ROOKIES AND NEW FACES
Brightest young face with Cubs this spring has been rookie Second Baseman Casey Wise. An outstanding fielder who makes double play look easy, he hits sharply to all fields. If only one of the rookie right-handers—Dave Hillman, Bob Anderson and Dick Drott—sticks, the line of good young pitchers coming up in past few seasons will be extended. Ray Jablonski was obtained in winter trade with hope that his once potent bat would add some punch to team. In complete reorganization of catching staff, Charlie Silvera came from Yankees, Ray Katt from Cardinals and Cal Neeman from minors. Couple of more trades added depth to pitching staff when Cubs acquired Tom Poholsky, a control pitcher who has never lived up to his potential, Jackie Collum, only left-hander on staff, and Elmer Singleton, 36-year-old veteran of minor leagues.
THE BIG IFS
Outfield still remains the biggest question mark. If Speake or King or Bolger can hit this time around, team will be strengthened both offensively and defensively. Dee Fondy could ease Ernie Banks's hitting burden considerably and settle first-base situation if he finds his lost batting touch. Having already proved himself in the field, Rookie Casey Wise must still show he can hit major league pitching. If he does, club will have depth in infield. Catching could be strong if some of the Yankee winning ways stuck to Charlie Silvera and nine years in bullpen haven't corroded his unexplored talents.
Under direction of new general manager John Holland Cubs made more trades and player shifts than any other club in major leagues this winter, after finishing in last place in 1956. Team is undeniably stronger, most obviously behind home plate, but there are some really glaring weaknesses in the outfield and on both ends of infield. Without the addition of proved talent, it will take more than desire and Ernie Banks to give home-town fans a better finish. Right now it still looks like another dreary summer in last place.
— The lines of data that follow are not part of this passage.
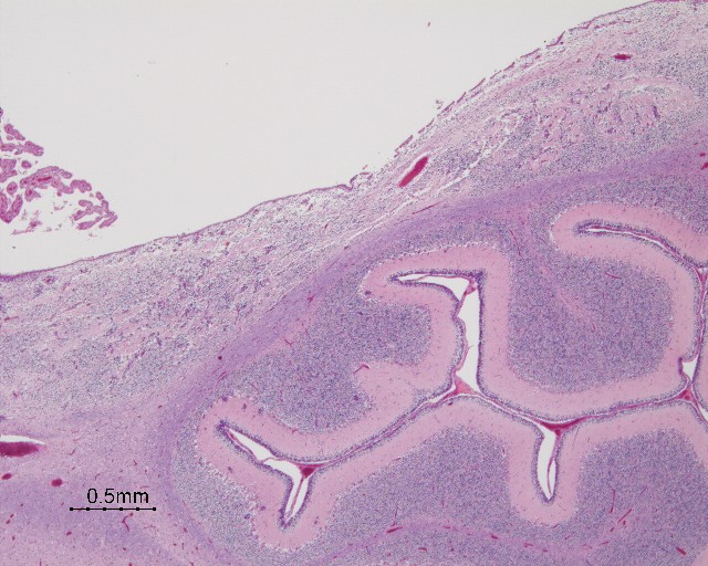 - apparent fusion of the cerebellar hemispheres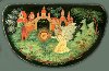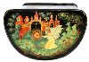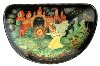 Description: This unique shape box was painted by a talented artist Galina Kuzmenko from Palekh. The box depicts the scenes from the popular Russian fairy-tale "The Scarlet Flower", written by Sergey Aksakov. The tale is very similar to what we know today as "Beauty and the Beast." This thrilling tale tells about love of a beautiful girl and a horrible beast that afterwards will turn into a handsome prince.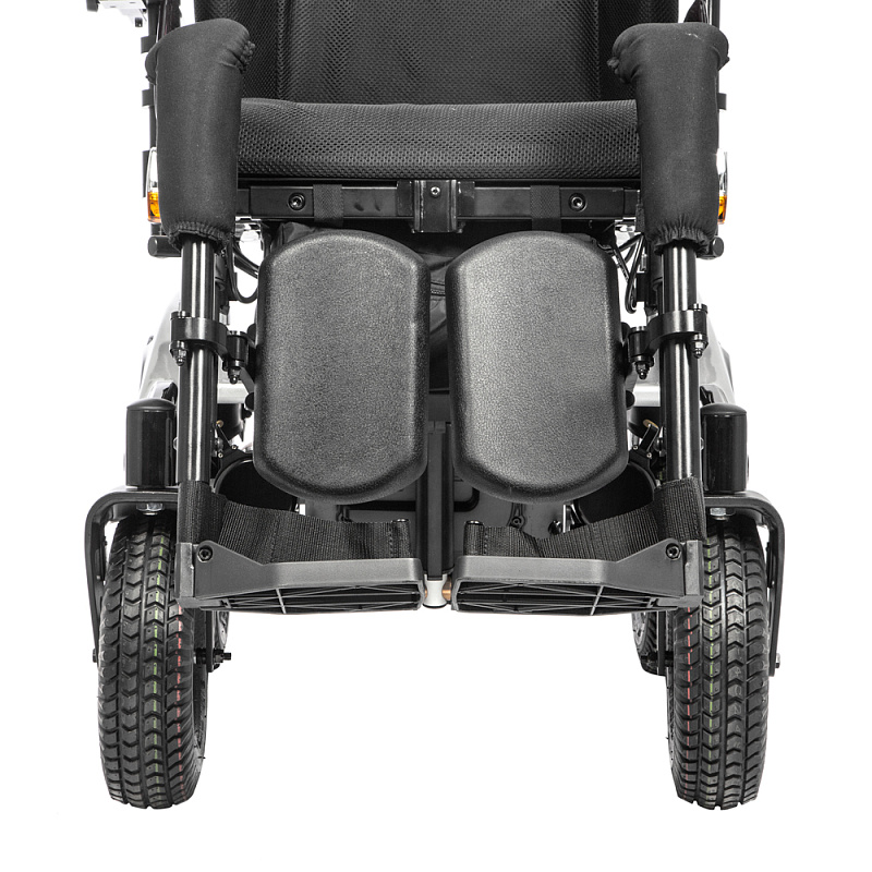 Коляска инвалидная с электроприводом Ortonica Pulse 390 – мощная и проходимая коляска, оснащенная емкими свинцово-кислотными аккумуляторами и колесами с внедорожным протектором. Широкий диапазон регулировок позволяет настроить коляску в соответствии с особенностями пользователя. Электрорегулировки угла наклона спинки, сиденья и подножек обеспечивают комфортную самостоятельную настройку.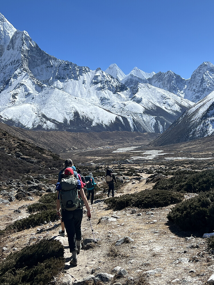 Form: Sekretæren hoster fortsatt mye, men det går lettere framover i tjukkere luft. Skuffelsen overvåkes måtte snu på Loboche sitter fortsatt i kroppen, men lettere i dag. Turplanleggeren er fortsatt i strålende form.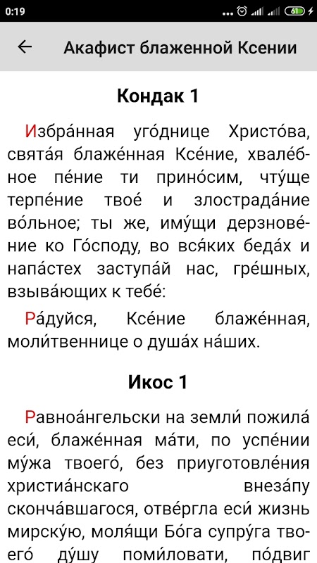 De applicatie bevat een akathist en een leven met wonderen van de gezegende Xenia van Petersburg. De gezegende Xenia van Petersburg is de beschermengel van Petersburg, een geliefde en alom gerespecteerde heilige, die van 26 tot 71 jaar zonder dak boven haar hoofd door de stad zwierf, mensen hielp en bad voor de redding van de ziel van haar echtgenoot , die zonder berouw stierf als gevolg van een plotselinge dood.

One of prettiest parks in majors, with its vine-covered outfield walls and clean, neat interior. No light towers mar skyline. The dozen or so rest rooms are adequate (unless larger crowds start coming out to the park). Andy Frain ushers are briskly efficient and are never tipped.
Don't drive to game, since there are only four small parking lots (capacity 250 cars) and it costs from $1 to $2. Three types of public transportation are easily available at 20¢ a ride. Best one is Clark Street trolley from the Loop. Stay on to Addison and you're right there (20-25 minutes). There is no problem getting away after a game with so many choices of transportation.
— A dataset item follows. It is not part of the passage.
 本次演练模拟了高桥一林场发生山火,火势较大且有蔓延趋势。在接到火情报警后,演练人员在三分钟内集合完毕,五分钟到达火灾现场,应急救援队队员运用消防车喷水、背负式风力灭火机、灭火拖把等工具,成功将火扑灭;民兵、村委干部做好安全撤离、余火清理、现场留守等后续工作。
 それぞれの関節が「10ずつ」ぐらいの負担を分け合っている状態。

Best place to sit is behind home plate in upper deck. All the spacious box seats are angled toward diamond to eliminate stiff necks, and all are fitted with wide, comfortable chairs. You will get sun for a few innings in lower boxes, but after that only in bleachers. But whole ball park can get uncomfortably hot during Chicago's midsummer days. Something different is a section of left-field grandstand where play-by-play broadcast can be heard while watching game. Ask any usher where it is. Moving ramp will take you to upper deck in right-field stands. It carries 8,000 fans an hour.